Alaska's unemployment rate was the second-highest in the nation in April, following a slight rise from the state's figures for March.

April's seasonally adjusted unemployment rate was 6.6 percent, the state Department of Labor and Workforce Development said Friday.

The federal Bureau of Labor Statistics showed Alaska's rate second among the states and the District of Columbia, better only than New Mexico's 6.7 percent — but markedly closer than the March spread between Alaska's 6.4 percent and New Mexico's 6.8 percent.

A graph shows year-on-year Alaska employment changes from January 2015 through April 2017. (Alaska Department of Labor and Workforce Development)

"Preliminary estimates show April employment was down by 6,600 jobs, or 2.0 percent, compared to April 2016," state officials wrote. "The biggest losses were in oil and gas, which was down by 1,800 jobs, a 15 percent drop.

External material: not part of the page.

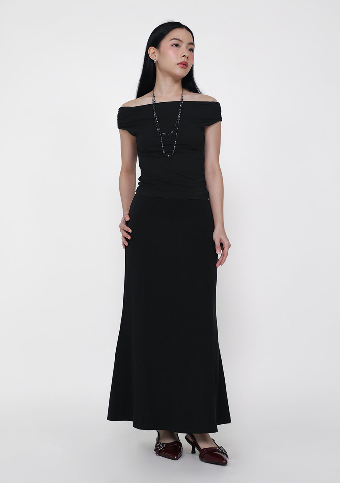 Mollie is here to give your outfit a sweet twist. Tiny polka dots add a soft, retro feel, while the off-shoulder neckline frames your collarbone beautifully. Made from stretchy cotton spandex, she offers both comfort and charm — making her your go-to for brunches, dates, and beyond.

Construction employment was down by 1,300 (an 8.4 percent decline), state government was down by 1,500 jobs (-5.8 percent), and professional and business services jobs were down by 1,600 (-5.6 percent)."

Just three Alaska job sectors were up from last April's numbers: health care, with a 2.5 percent rise of 900 jobs; local government, with a 1.4 percent increase of 600 jobs; and leisure and hospitality, with a 1.3 increase of 400 jobs.

The latest Alaska figures arrived a day after a report of 232,000 people on U.S. unemployment rolls this week, the lowest count of unemployed in nearly 30 years, amid upbeat economic data and a domestic labor market nearing full employment.

Conor Bell, an economist with the labor department, said the increase to 6.6 percent for April's Alaska unemployment rate was "nothing outside of the norm."

Factors like varying employment in seasonal and rural Alaska jobs also tend to give the state higher unemployment rates than the national average – ranking either worst or second-worst nationwide for at least the past year.

April is a transitional month, Bell said, as projected continuing declines are countered by Alaska's typical summer economic upswing.

"We expect weakness coming from local spending lessening in the economy," Bell said. "But it should be balanced out by stronger summer hiring, because we're still seeing these stronger tourism seasons."

Regionally, April's highest unemployment rate was in Western Alaska's Kusilvak census area at 19.9 percent. The lowest — 2.3 percent — was in the Aleutians East Borough, which state labor officials said was being "buoyed by spring fisheries."